[<prev] [next>] [thread-next>] [day] [month] [year] [list]
Message-ID: <20230508165815.45602-1-kuniyu@amazon.com>
Date: Mon, 8 May 2023 09:58:15 -0700
From: Kuniyuki Iwashima <kuniyu@...zon.com>
To: "David S. Miller" <davem@...emloft.net>, Eric Dumazet
<edumazet@...gle.com>, Jakub Kicinski <kuba@...nel.org>, Paolo Abeni
<pabeni@...hat.com>
CC: Kuniyuki Iwashima <kuniyu@...zon.com>, Kuniyuki Iwashima
<kuni1840@...il.com>, <netdev@...r.kernel.org>, syzbot
<syzkaller@...glegroups.com>
Subject: [PATCH v2 net] net: Fix sk->sk_stamp race in sock_recv_cmsgs().
KCSAN found a data race in sock_recv_cmsgs() [0] where the read access
to sk->sk_stamp needs READ_ONCE().
Also, there is another race like below. If the torn load of the high
32-bits precedes WRITE_ONCE(sk, skb->tstamp) and later the written
lower 32-bits happens to match with SK_DEFAULT_STAMP, the final result
of sk->sk_stamp could be 0.
sock_recv_cmsgs() ioctl(SIOCGSTAMP) sock_recv_cmsgs()
| | |
|- if (sock_flag(sk, SOCK_TIMESTAMP)) |
| | |
| `- sock_set_flag(sk, SOCK_TIMESTAMP)
| |
| `- if (sock_flag(sk, SOCK_TIMESTAMP))
`- if (sk->sk_stamp == SK_DEFAULT_STAMP) `- sock_write_timestamp(sk, skb->tstamp)
`- sock_write_timestamp(sk, 0)
Even with READ_ONCE(), we could get the same result if READ_ONCE() precedes
WRITE_ONCE() because the SK_DEFAULT_STAMP check and WRITE_ONCE(sk_stamp, 0)
are not atomic.
Let's avoid the race by cmpxchg() on 64-bits architecture or seqlock on
32-bits machines.
[0]:
BUG: KCSAN: data-race in packet_recvmsg / packet_recvmsg
write (marked) to 0xffff88803c81f258 of 8 bytes by task 19171 on cpu 0:
sock_write_timestamp include/net/sock.h:2670 [inline]
sock_recv_cmsgs include/net/sock.h:2722 [inline]
packet_recvmsg+0xb97/0xd00 net/packet/af_packet.c:3489
sock_recvmsg_nosec net/socket.c:1019 [inline]

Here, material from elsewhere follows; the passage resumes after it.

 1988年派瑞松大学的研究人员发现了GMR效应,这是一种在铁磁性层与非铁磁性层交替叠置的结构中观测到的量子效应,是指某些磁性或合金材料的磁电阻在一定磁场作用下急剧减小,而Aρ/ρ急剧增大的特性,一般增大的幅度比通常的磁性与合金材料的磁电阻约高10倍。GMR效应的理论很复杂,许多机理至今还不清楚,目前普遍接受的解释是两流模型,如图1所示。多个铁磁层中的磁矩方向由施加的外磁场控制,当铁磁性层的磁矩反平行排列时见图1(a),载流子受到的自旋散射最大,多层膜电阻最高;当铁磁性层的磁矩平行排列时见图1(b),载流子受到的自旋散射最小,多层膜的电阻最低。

sock_recvmsg+0x11a/0x130 net/socket.c:1040
sock_read_iter+0x176/0x220 net/socket.c:1118
call_read_iter include/linux/fs.h:1845 [inline]

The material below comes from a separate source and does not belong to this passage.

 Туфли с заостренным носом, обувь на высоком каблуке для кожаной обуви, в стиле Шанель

new_sync_read fs/read_write.c:389 [inline]
vfs_read+0x5e0/0x630 fs/read_write.c:470
ksys_read+0x163/0x1a0 fs/read_write.c:613
__do_sys_read fs/read_write.c:623 [inline]
__se_sys_read fs/read_write.c:621 [inline]

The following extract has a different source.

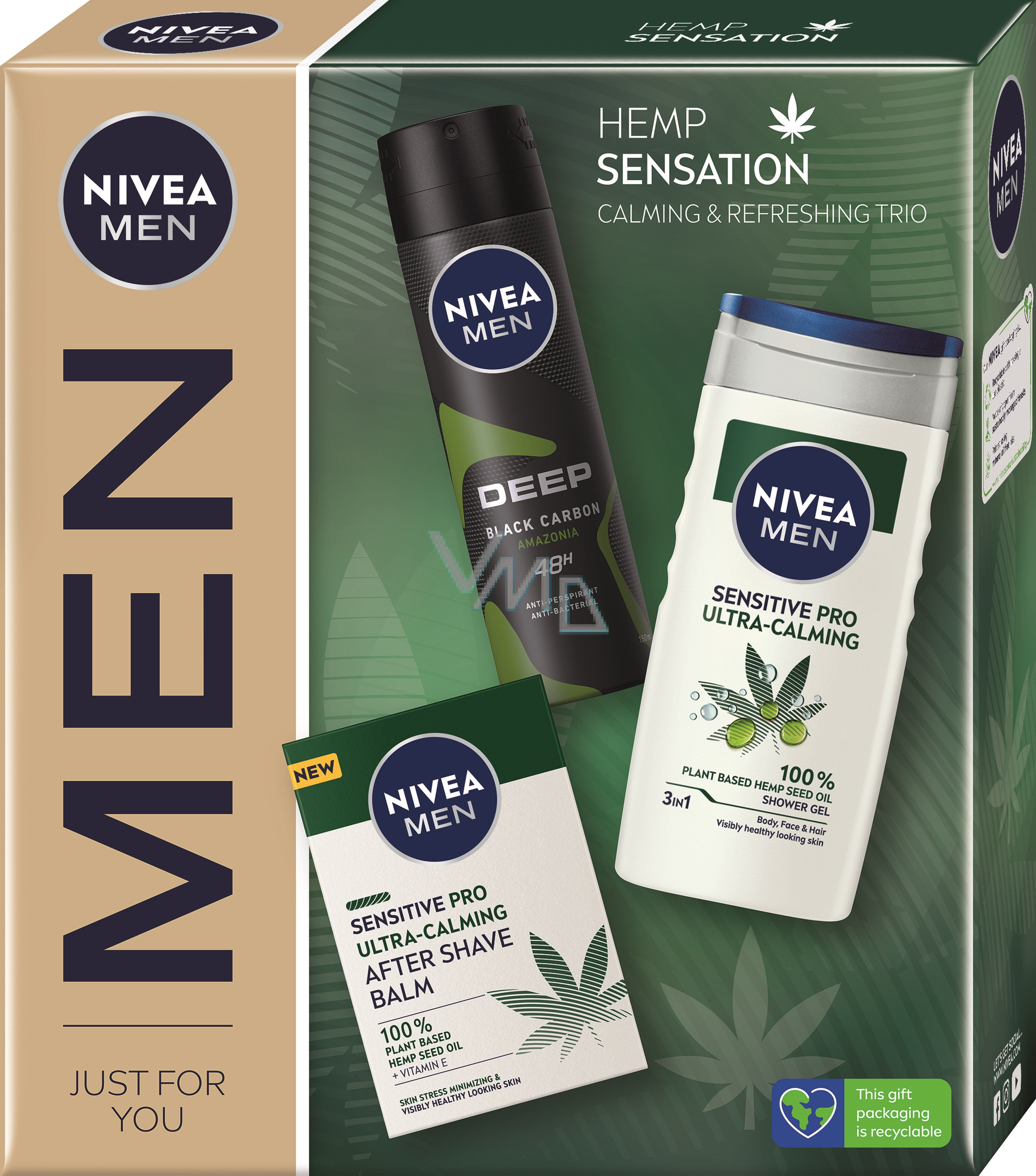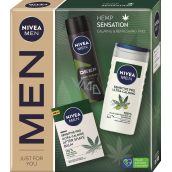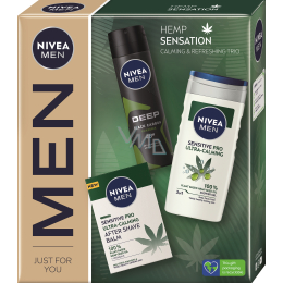Nivea Men Hemp Sensation Sensitive Pro balzám po holení s konopím 100 ml + Deep Black Carbon Amazonia antiperspirant sprej 150 ml + Sensitive Pro Ultra-Calming sprchový gel 250 ml, kosmetická sada pro muže

__x64_sys_read+0x41/0x50 fs/read_write.c:621
do_syscall_x64 arch/x86/entry/common.c:50 [inline]
do_syscall_64+0x3b/0x90 arch/x86/entry/common.c:80
entry_SYSCALL_64_after_hwframe+0x72/0xdc
read to 0xffff88803c81f258 of 8 bytes by task 19183 on cpu 1:
sock_recv_cmsgs include/net/sock.h:2721 [inline]
packet_recvmsg+0xb64/0xd00 net/packet/af_packet.c:3489
sock_recvmsg_nosec net/socket.c:1019 [inline]
sock_recvmsg+0x11a/0x130 net/socket.c:1040
sock_read_iter+0x176/0x220 net/socket.c:1118
call_read_iter include/linux/fs.h:1845 [inline]
new_sync_read fs/read_write.c:389 [inline]
vfs_read+0x5e0/0x630 fs/read_write.c:470
ksys_read+0x163/0x1a0 fs/read_write.c:613
__do_sys_read fs/read_write.c:623 [inline]
__se_sys_read fs/read_write.c:621 [inline]
__x64_sys_read+0x41/0x50 fs/read_write.c:621
do_syscall_x64 arch/x86/entry/common.c:50 [inline]
do_syscall_64+0x3b/0x90 arch/x86/entry/common.c:80
entry_SYSCALL_64_after_hwframe+0x72/0xdc
value changed: 0xffffffffc4653600 -> 0x0000000000000000
Reported by Kernel Concurrency Sanitizer on:
CPU: 1 PID: 19183 Comm: syz-executor.5 Not tainted 6.3.0-rc7-02330-gca6270c12e20 #2
Hardware name: QEMU Standard PC (i440FX + PIIX, 1996), BIOS rel-1.16.0-0-gd239552ce722-prebuilt.qemu.org 04/01/2014
Fixes: 6c7c98bad488 ("sock: avoid dirtying sk_stamp, if possible")
Reported-by: syzbot <syzkaller@...glegroups.com>
Signed-off-by: Kuniyuki Iwashima <kuniyu@...zon.com>
---
v2:
* Add Fixes tag
v1: https://lore.kernel.org/netdev/20230506022325.99106-1-kuniyu@amazon.com/
---
include/net/sock.h | 19 ++++++++++++++++---
1 file changed, 16 insertions(+), 3 deletions(-)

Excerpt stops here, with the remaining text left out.